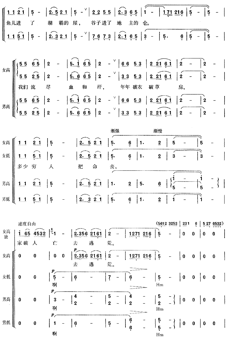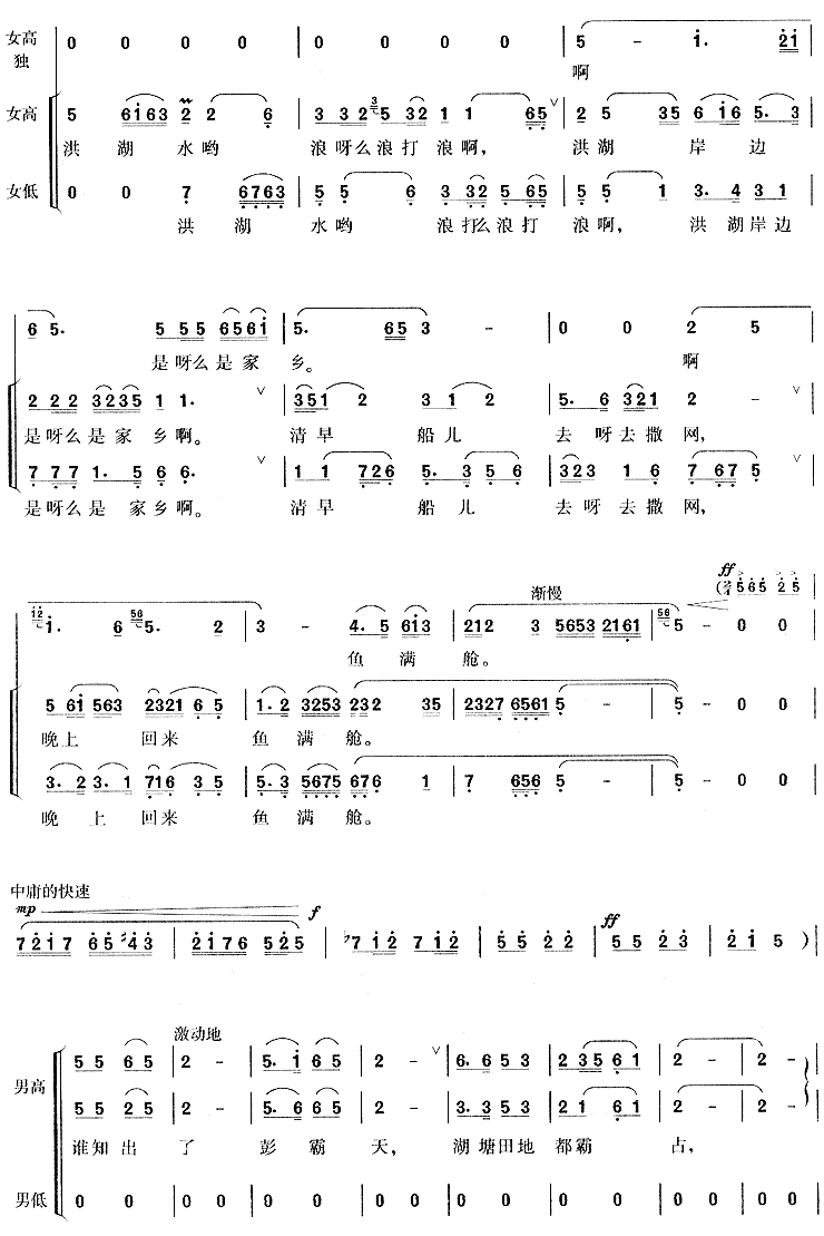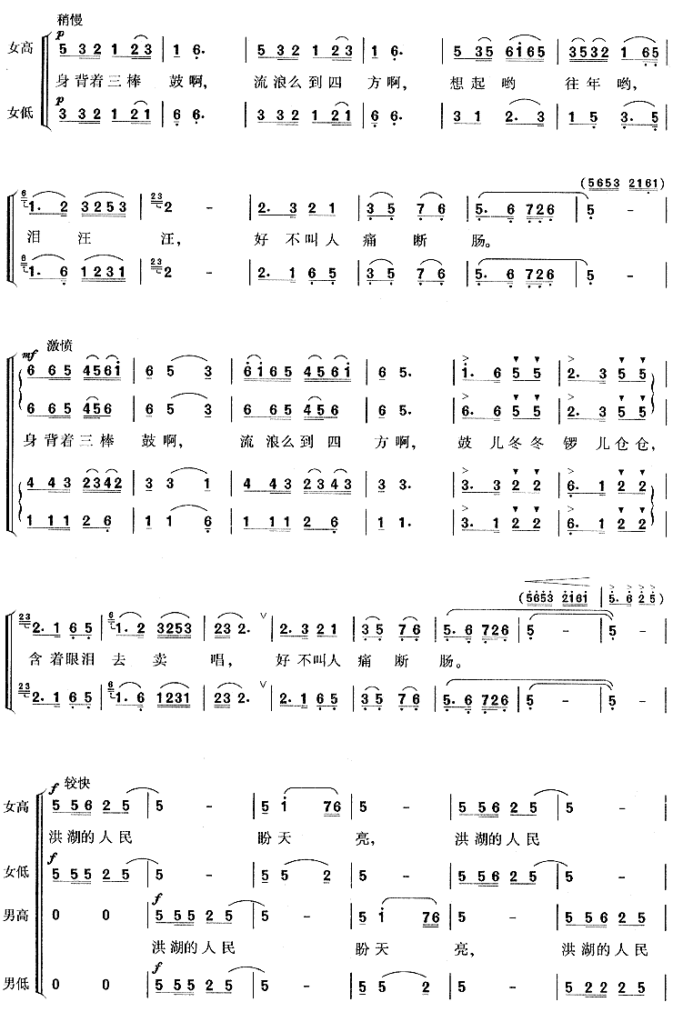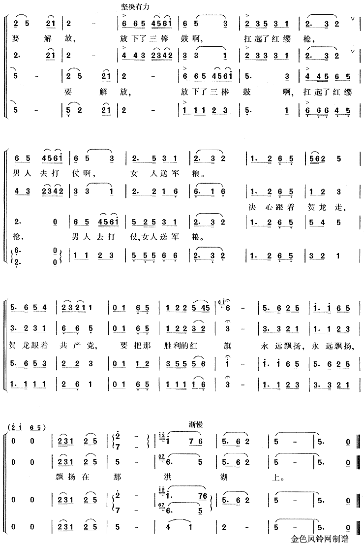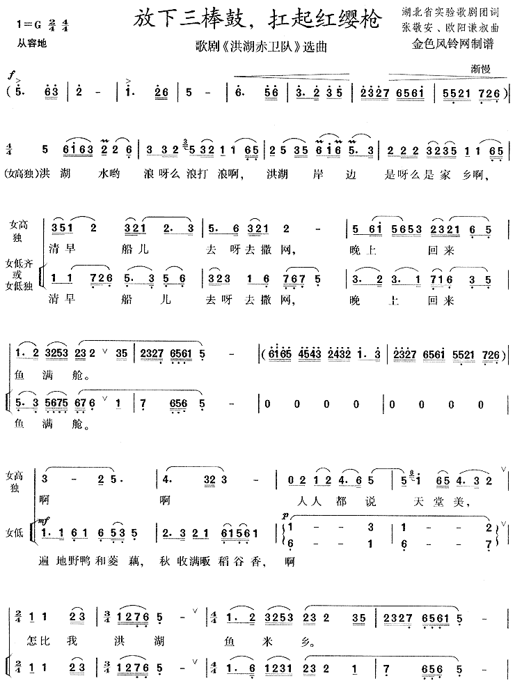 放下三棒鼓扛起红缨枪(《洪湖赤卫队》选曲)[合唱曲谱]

==

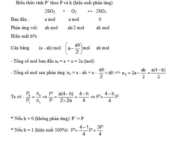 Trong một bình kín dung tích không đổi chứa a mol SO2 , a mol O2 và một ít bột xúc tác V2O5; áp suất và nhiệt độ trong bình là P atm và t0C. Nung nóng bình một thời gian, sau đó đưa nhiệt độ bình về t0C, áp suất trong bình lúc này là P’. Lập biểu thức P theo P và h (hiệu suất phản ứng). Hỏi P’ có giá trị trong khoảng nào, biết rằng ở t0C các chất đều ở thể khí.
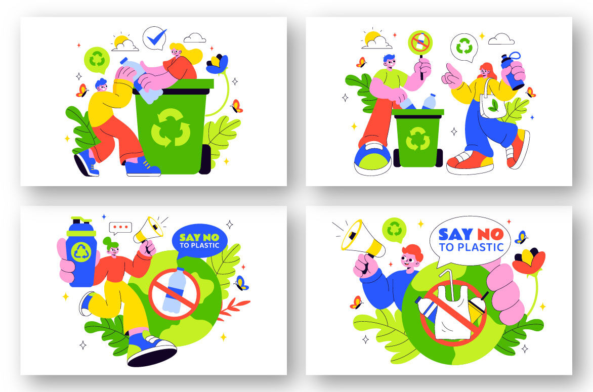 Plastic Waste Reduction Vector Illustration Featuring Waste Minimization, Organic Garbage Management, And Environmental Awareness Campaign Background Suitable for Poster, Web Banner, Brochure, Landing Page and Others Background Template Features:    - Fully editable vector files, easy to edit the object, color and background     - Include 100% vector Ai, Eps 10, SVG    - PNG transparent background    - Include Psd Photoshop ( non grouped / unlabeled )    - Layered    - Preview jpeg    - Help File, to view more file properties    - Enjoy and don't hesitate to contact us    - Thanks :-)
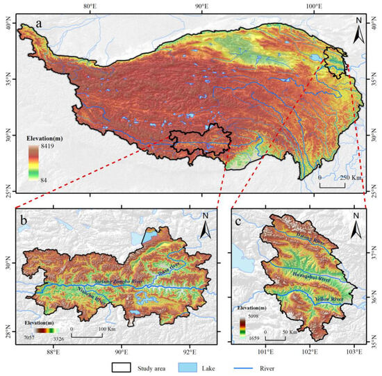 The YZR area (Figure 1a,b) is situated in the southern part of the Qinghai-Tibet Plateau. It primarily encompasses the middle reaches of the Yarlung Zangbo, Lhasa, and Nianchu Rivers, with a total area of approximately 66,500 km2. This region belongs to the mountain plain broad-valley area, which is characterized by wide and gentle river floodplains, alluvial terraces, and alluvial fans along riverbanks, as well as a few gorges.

EXERCISE REQUIREMENTS: Word for word, write out the lines above running from the one with "Trong một bình" up to and including the one with "Plastic Waste Reduction". Drop any picture.

REPLY:
 Trong một bình kín dung tích không đổi chứa a mol SO2 , a mol O2 và một ít bột xúc tác V2O5; áp suất và nhiệt độ trong bình là P atm và t0C. Nung nóng bình một thời gian, sau đó đưa nhiệt độ bình về t0C, áp suất trong bình lúc này là P’. Lập biểu thức P theo P và h (hiệu suất phản ứng). Hỏi P’ có giá trị trong khoảng nào, biết rằng ở t0C các chất đều ở thể khí.
 Plastic Waste Reduction Vector Illustration Featuring Waste Minimization, Organic Garbage Management, And Environmental Awareness Campaign Background Suitable for Poster, Web Banner, Brochure, Landing Page and Others Background Template Features:    - Fully editable vector files, easy to edit the object, color and background     - Include 100% vector Ai, Eps 10, SVG    - PNG transparent background    - Include Psd Photoshop ( non grouped / unlabeled )    - Layered    - Preview jpeg    - Help File, to view more file properties    - Enjoy and don't hesitate to contact us    - Thanks :-)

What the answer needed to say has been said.